Optical fibres made of silica glass have been the transmission medium for a high-speed optical communications market estimated to be worth $40bn globally.
All-silicon optical transmitter operates at 100Gbps
The performance of optical fibres is negatively impacted by attenuation – the scattering of light inside the glass – that causes a loss in transmitted power. According to the University, this power loss limits the performance of applications requiring shorter wavelengths.
In this new study, published in Nature Communications, researchers from Southampton University have demonstrated that guiding light through air-filled fibres offers a potential way to overcome this problem.
A team from the University’s Optoelectronics Research Centre (ORC) are said to have created three different hollow core fibres, with losses comparable or lower than that achieved in solid glass fibres around technologically relevant wavelengths of 660, 850, and 1060 nanometres. The lower attenuation, in a fibre that guides light through air, offers the potential for advances in quantum communications, data transmission, and laser power delivery.
In a statement, ORC’s Professor Francesco Poletti said: “Many alternative glass types and waveguide technologies have been investigated since the 1970s to try to solve this problem, all to no avail.”
“Our findings show that hollow core fibres have the potential to outperform the current optical fibres at various wavelengths used in optical technology today. Not only do they have lower attenuation, they can also withstand higher laser intensities, such as those needed to melt rocks and drill oil wells, as well as produce more efficient lasers for manufacturing.”

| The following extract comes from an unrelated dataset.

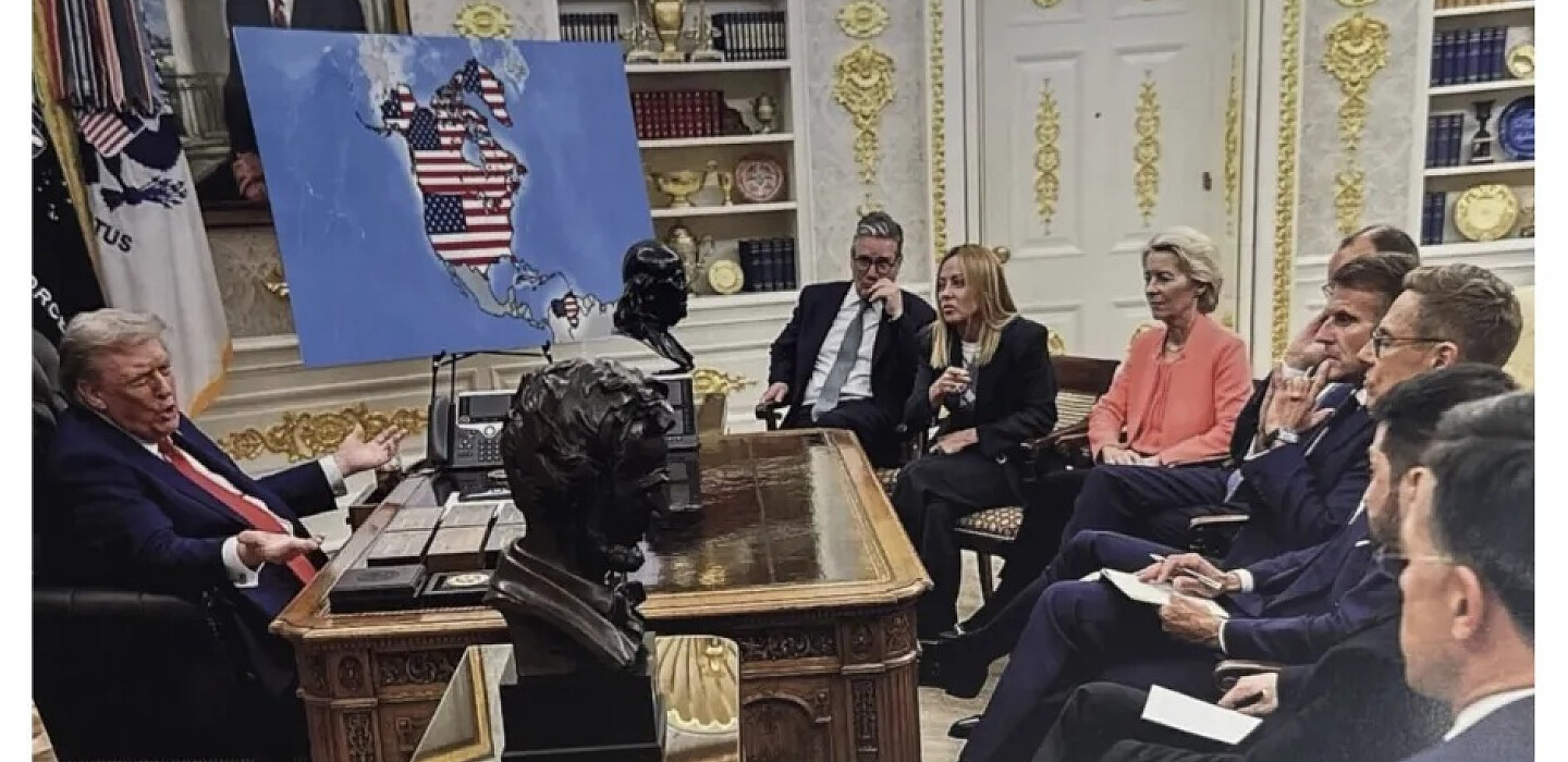 Трамп також опублікував створений за допомогою штучного інтелекту фотомакет, на якому він розмовляє з європейськими лідерами в Овальному кабінеті на тлі карти, на якій в якості території США позначена не тільки Гренландія, але і Канада.

Professor Poletti added that the hollow core fibres can also transmit undistorted laser pulses with peak power levels so high that they would be unusable if transmitted by standard glass fibres, and preserve the polarisation of light needed to produce more accurate sensors and imaging endoscopes.
The fibres developed and reported in the paper are the result of over ten years research by the ORC in developing Nested Antiresonant Nodeless Fibres (NANFs), special types of hollow core fibres that confine light in the central void thanks to thin glass membranes surrounding the core.
Their first fibres had attenuations of 5dB (30 per cent of light transmission), for every metre of fibre. New physical understanding with contributions from the worldwide community, and substantial development in fabrication technology led by the Southampton team, have now led one of the fibres reported in this study to improve this by a factor of 10,000 by achieving an attenuation of 5 dB every 10km.
“The technology we are developing has the potential to underpin the development of faster datacentres with shorter delays for the end-user, more accurate gyroscopes for interplanetary missions, more efficient laser-based manufacturing, to name but a few,” said Professor Poletti.
Southampton University team is continuing to work on improving the optical performance of these fibres, while producing longer lengths at a lower cost.
ORC director, Professor Sir David Payne, said: “The transmission capacity of optical fibres is so large that we never thought we’d reach the point where we would use it all up. But in the last five to ten years, we’ve realised that we’re now close to doing just that and the impact of COVID-19 has accelerated this further. This means that no longer can we tweak conventional fibres to mine more capacity but must resort to the sledgehammer approach of installing huge numbers of new fibre cables. This is possible but drives up costs.
“A faster, more reliable internet with larger bandwidth will help us sustain our current levels of online work and socialising and also enable us to take this further in areas like 3D video conferencing and virtual reality.”